Our analysis shows the emergence of a deletion in nsp1, one of the most important determinants of pathogenicity of SARS-CoV-2. This is quite surprising, since corona viruses typically experience a moderate rate of mutations, due to the presence of a protein with proofreader activity (ExonN, also called nsp14), calculated in about 26 mutations per year (https://nextstrain.org/ncov/global?l=clock). Though the number of sequences detected was a small fraction of the total analyzed, our data clearly identify a new SARS-CoV-2 viral strain present in subjects from different areas (Europe, North and South America). However, our analysis also indicates that this deletion is not homogeneously present in all the Countries analyzed. For this reason, it would be important to monitor its presence over time, and to determine its penetrance and probability to spread and compete with the current viral strains. Nonetheless, our results suggest the possibility of the evolution of a new viral quasi-specie, but further data are necessary to confirm this hypothesis and explore the possibility of a developing intra-host adaptative process.

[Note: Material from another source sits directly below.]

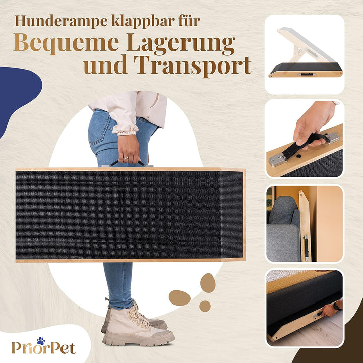 - MIT TRAGEGRIFF: Unsere Hunderampe faltbar wird komplett zusammengebaut geliefert, so dass kein Werkzeug erforderlich ist. Der Tragegriff sorgt für einfachen Transport. Abmessungen unserer Hunderampen zusammengeklappt: L: 89 cm x B: 36 cm x H: 7 cm.

The new viral strain that we describe carries a defining characteristic deletion of 9 nucleotides in the C-terminal region of the nsp1 gene, translating into a protein lacking three amino acids (KSF). Substitution of two of these amino acids (KS) reduced the inhibitory effect of innate immune response to SARS-CoV, and by predicted structure analysis we show that these amino acids compromise proper folding of nsp1. Consequently, we hypothesize that viruses harboring this deletion are likely to be less pathogenic than commonly observed viral strains. To this regard, we note that the two common endemic human coronaviruses, HCoV-OC43 [33] and HCoV-299E [34], have extensive deletions in the C-terminal region of nsp1. Thought crystallization and biological data are needed to confirm our hypothesis, our observations, together with the recent findings of two viral strains carrying in one case an extensive deletion in the orf7a gene [35], a deletion in the nsp2 gene [36] and deletions in nsp1 gene also identified by other groups [37, 38], indicate that SARS-CoV-2 genome may be undergoing a significant evolutionary process, which may result in virus-host adaptation [39]. Since the overwhelming majority of genomic sequences collected so far are from symptomatic subjects, it seems logical to characterize in detail SARS-CoV-2 genomes from the asymptomatic population. If our hypothesis is correct, this is the proper population where we should be able to identify more in detail further viral evolutionary steps, which may indicate reduction of pathogenicity. Understanding the different steps that characterize the pathogenicity of this virus, as well as the spreading and changes of these pathogenic determinants among the population, may help determining proper strategies of containment of SARS-CoV-2 spread and identify better drugs for treatment of COVID-19.

Conclusions

We identified the emergence in infected subjects of a new viral strain of SARS-CoV-2 with a deletion of 3 amino acids (KSF) in the C-terminal region of nsp1. I-TASSER structure analysis indicates that this deletion may affects the structure of the C-terminal region, important for regulation of nsp1 activity. Substitution of two of these amino acids (KS) was also previously reported to revert the loss of interferon-alpha expression in cells transfected with mutated nsp1 from SARS-CoV. This deletion in nsp1, together with deletions previously described in other parts of SARS-CoV-2 genome by different groups, indicates that the virus is undergoing profound genomic changes. It should be noted that mutations of the virus are not very common, due to its proofreading mechanism, and that collection of the sequencing data is currently biased toward symptomatic subjects. It would be of interest to monitor over time and confirm the spreading of this particular viral strain, and potentially of strains with other deletions in the nsp1 protein, in the population of asymptomatic and pauci-symptomatic subjects and to correlate these changes in nsp1 with a possible decreased viral pathogenicity.